I felt sick. I thought I had escaped this last semester. Not only was he back, but his charm seemed stronger than ever. Why was I immune to it? Why wasn’t everyone else as horrified by the news he brought as I was? I realized my fingers had curled around the edges of my desk. Maybe Dr. Christian was just filling in temporarily. Oh, please, I silently begged the universe.

My hopes and my stomach plummeted when he announced, “I will be filling in for Mrs. Kenner until she recovers.” Dr. Christian smiled, slow and brittle. “I am afraid that means I may be with you all semester.”

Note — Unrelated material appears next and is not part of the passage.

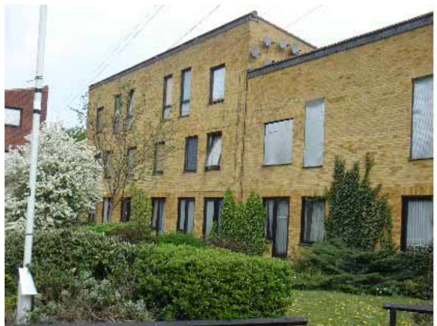
Figure 14: Clays Lane community housing. Demolition of this site commenced in April 2007.

The plan is to re-model the Olympic Village after 2012 into affordable housing for 3000 people. However, it does show that houses have had to be lost in the process. London's plan to create a pool of social housing reflects similar plans in Sydney. However, the costs of regeneration and a massive environmental clean-up in Sydney were so great that the Olympic Village was sold off for housing at full market rates. It would be fair to ask whether similar financial pressures will occur in London.

The buzz of approval swelled around me. What was wrong with these people? Mrs. Kenner was a sweet old lady who’d been with the school for ages. And Dr. Christian was… if not evil, then at least wrong on many levels.

“So generous of him,” I heard a girl whisper.

“Far beneath him, to take a class on this level,” another added.

What the hell? A surge of hot anger shot through me as my shallow, traitorous classmates whispered excitedly around me. Excited, because Mrs. Kenner was so badly hurt she wouldn’t be with us for the rest of the semester.

I felt myself standing without any conscious intention of doing so. My classmates noticed me, and one by one the noise began to subside. Dr. Christian waited until everyone was silent before singling me out. “Miss Chastain? You have something to say?”

“Um, yes actually.” Was that hostility I saw in my classmate’s eyes, or was I just being paranoid? I dragged my gaze back to Dr. Christian’s plastic perfection. “What about Mrs. Kenner, sir? Do you know anything more about her condition?” The silence was somehow more deafening than all the noise had been. I angled my body and pitched my voice so it would carry across the darkened auditorium, appealing directly to the students now. “Isn’t there anything we can do?” I was about to suggest we take up a collection for her family, or send flowers or something, but his flashing blue eyes stopped my thoughts right in their tracks. Eyes so blue could not be natural; concepts like ocean and sky slid right off them like oil on Teflon. I thought, instead, of jungle predators in the dark, just before they consumed their prey. My breathing was labored and slow. I couldn’t remember what I had been about to say.

“Miss Chastain is an idealist.” His voice was at once loud enough to carry across the entire auditorium and soft enough to feel like an intimate whisper right beside my ear. “She sees injustice, and wants to act against it. Admirable.” The class tittered. “Mrs. Kenner was an unfortunate victim, attacked by dark and terrible forces against which she had no defense. It’s a sad fact that most individuals have little or no defense, should those same dark and terrible forces,” he strode to the very edge of the podium, “choose to strike at them. Do you understand, Miss Chastain?”

What the hell? I staggered back, hitting the edge of my desk with my thighs. All I meant was that we should send her a fruit basket or something. He was treating me like I’d suggested a vigilante mob start stringing up random citizens. I tried again to make myself understood. “That may be true,” I heard myself say. “But surely we can do something. Mrs. Kenner has been a teacher here for years and years. She is one of us.” An instinct I didn’t analyze made me put a slight but distinct emphasis on the last three words.
One of us
. Dr. Christian’s finely arched eyebrows shot up. “Or else…”

“Or else what?” he echoed softly, almost mockingly. “It is comforting to think we can somehow protect the ones we love from all harm, Miss Chastain, but it is naïve. A child’s comfort.” The class shrunk to waves of noise around me, rising and receding like ripples in a smooth pond, pelted with stones.